Корчась от боли, Нарада снова встал на руки, перекрещивая ноги.
— А, ну, быстро встать на кулаки и на пол, — скомандовала жрица, увидев, что дурак ловко пристроился на мягкой куче, — а теперь давай рапорт, что ты будешь делать.
— Сегодня я пойду по супермаркетам и буду выпрашивать картон и сделаю из него себе юрту, — кряхтя и заикаясь, сказал Нарада.
— И не дай Бог, свинья, сегодня не выполнишь это задание, будешь делать часовую разминку и сутки голодать, — стала гонять ему «страшные» образы Ксива.
— Нет, нет, пожалуйста, не надо, я все сделаю, — заныло ничтожество.
— Ленивая свинья, говно, блядь, ничего не можешь делать, только все из-под палки, — с презрением бросила ему жрица.
Пробуждающие, жесткие и, главное, очень полезные практики по уничтожению ложной личности продолжались, не давая Нараде ни малейшего шанса полностью заснуть в своем дерьме.
«Вот идиоты, на себя бы посмотрели, — обижался и бесился он, вместо того, чтобы отслеживать свои реакции и менять их, — кто они вообще такие, они же сами не совершенные, почему они должны меня учить, вон эта же Ксива вчера ходила с расстегнутой ширинкой, и где ее безупречность, че она тут выебывается передо мной», — бесился урод, осуждая и критикуя всех подряд, кроме себя, замечая какие-то мелочи, но не задумываясь над тем, что другие ученики открыто принимают духовные практики, совершают усилия, развиваются, а он не может даже выполнить элементарного.

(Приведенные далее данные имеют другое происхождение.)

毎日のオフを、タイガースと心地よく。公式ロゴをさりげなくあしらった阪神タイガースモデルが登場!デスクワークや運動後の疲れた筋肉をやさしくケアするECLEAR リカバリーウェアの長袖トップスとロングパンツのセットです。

— Морду попроще сделай, — заметила его недовольный ебальник Ксива, — если сейчас не изменишь кирпич на радость, то будешь голодать.

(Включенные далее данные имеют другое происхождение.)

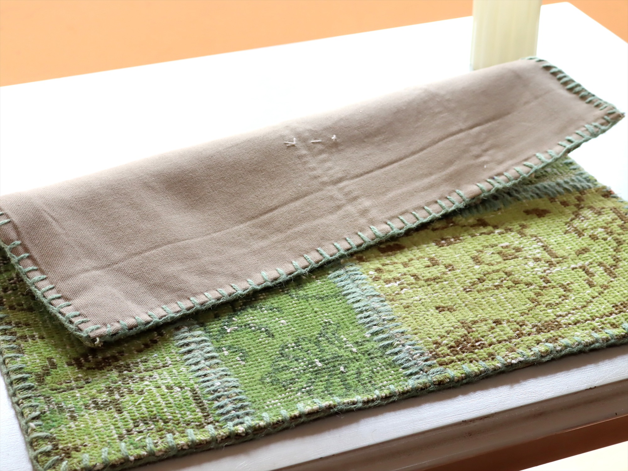 ダメージが多く、使われなくなった古い手織りカーペットを仕立て直したパッチワーク・ラグです。当店では、アナトリア(トルコ地方)のオールドカーペットのみを使い、縫い合わせ部分もミシンを使わず、手作業ではぎ合わせてあります。裏面にはコットン地が張り合わされています。ラグ(カーペット)自体は、パイル(毛足)が擦り減っているところなどが多々ありますが、使い古したラグならではの風合いとご理解ください。

Услышав последнюю фразу, Нарада растянул рот в кривой улыбке, похожей скорей не на радость, а на злорадный оскал.
— Все, хватит, — остановила его жрица на трехсотый раз отжиманий. — А сейчас пиздуй на ручей и смывай с себя годовые слои параши. Свинья паршивая, уже забыл, наверное, когда последний раз это делал.
— Ой, ну, там же холодно, — заныл Нарада.
— Вот и хорошо, то, что нужно, бодрым будешь весь день, — усмехаясь, сказала Ксива.
— А можно мыло, шампунь и полотенце?
— Ни хуя себе, раскатал губу. Обосрешься, мыться будешь «Пемолюксом», — сказала Ксива, протягивая ему банку со средством для мытья посуды, — и полотенце тебе не нужно, обсохнешь на свежем осеннем воздухе, тебе полезно позакаляться.
В доску разобиженный, с надутой миной Нарада поперся на ручей, держа в руках средство для мытья посуды….
Кое-как заставив себя засунуть руки в ледяную воду, долбоеб загреб в ладони воды и быстро потер свою грязную харю и шею, только размазывая грязь. Потом снял свой вонючий берет и им же вытерся.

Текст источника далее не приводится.